= Beginning of Section =

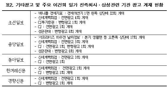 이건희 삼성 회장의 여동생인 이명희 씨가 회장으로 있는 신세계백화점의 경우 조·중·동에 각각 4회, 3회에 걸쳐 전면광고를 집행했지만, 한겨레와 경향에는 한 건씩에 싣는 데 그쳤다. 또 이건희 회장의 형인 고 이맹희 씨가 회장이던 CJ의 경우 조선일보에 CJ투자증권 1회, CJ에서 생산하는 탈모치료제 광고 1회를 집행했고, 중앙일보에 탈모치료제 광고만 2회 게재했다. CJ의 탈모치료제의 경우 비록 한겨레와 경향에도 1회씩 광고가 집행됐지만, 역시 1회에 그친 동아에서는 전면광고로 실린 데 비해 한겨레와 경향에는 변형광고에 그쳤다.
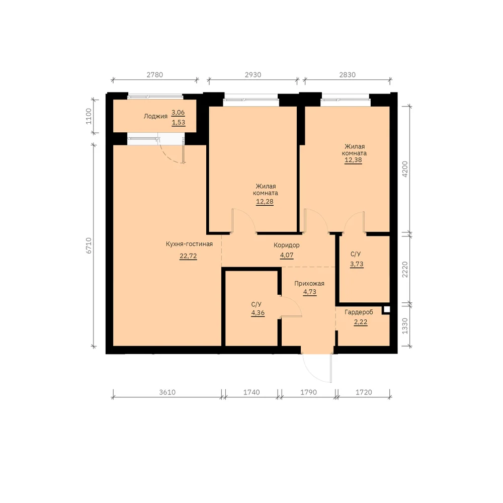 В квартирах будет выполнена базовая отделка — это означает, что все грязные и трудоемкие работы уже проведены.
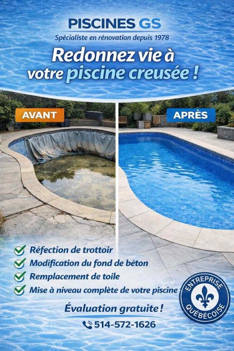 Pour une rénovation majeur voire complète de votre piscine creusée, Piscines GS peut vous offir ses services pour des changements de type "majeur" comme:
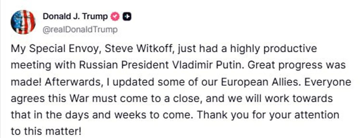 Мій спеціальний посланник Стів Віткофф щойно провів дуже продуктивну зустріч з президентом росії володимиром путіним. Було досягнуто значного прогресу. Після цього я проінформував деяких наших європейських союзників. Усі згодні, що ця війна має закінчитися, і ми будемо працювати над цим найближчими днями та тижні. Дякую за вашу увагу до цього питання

= End of Section =

- [Task brief]:
Drop the images, then copy the data exactly.

- [Answer]:
 이건희 삼성 회장의 여동생인 이명희 씨가 회장으로 있는 신세계백화점의 경우 조·중·동에 각각 4회, 3회에 걸쳐 전면광고를 집행했지만, 한겨레와 경향에는 한 건씩에 싣는 데 그쳤다. 또 이건희 회장의 형인 고 이맹희 씨가 회장이던 CJ의 경우 조선일보에 CJ투자증권 1회, CJ에서 생산하는 탈모치료제 광고 1회를 집행했고, 중앙일보에 탈모치료제 광고만 2회 게재했다. CJ의 탈모치료제의 경우 비록 한겨레와 경향에도 1회씩 광고가 집행됐지만, 역시 1회에 그친 동아에서는 전면광고로 실린 데 비해 한겨레와 경향에는 변형광고에 그쳤다.
 В квартирах будет выполнена базовая отделка — это означает, что все грязные и трудоемкие работы уже проведены.
 Pour une rénovation majeur voire complète de votre piscine creusée, Piscines GS peut vous offir ses services pour des changements de type "majeur" comme:
 Мій спеціальний посланник Стів Віткофф щойно провів дуже продуктивну зустріч з президентом росії володимиром путіним. Було досягнуто значного прогресу. Після цього я проінформував деяких наших європейських союзників. Усі згодні, що ця війна має закінчитися, і ми будемо працювати над цим найближчими днями та тижні. Дякую за вашу увагу до цього питання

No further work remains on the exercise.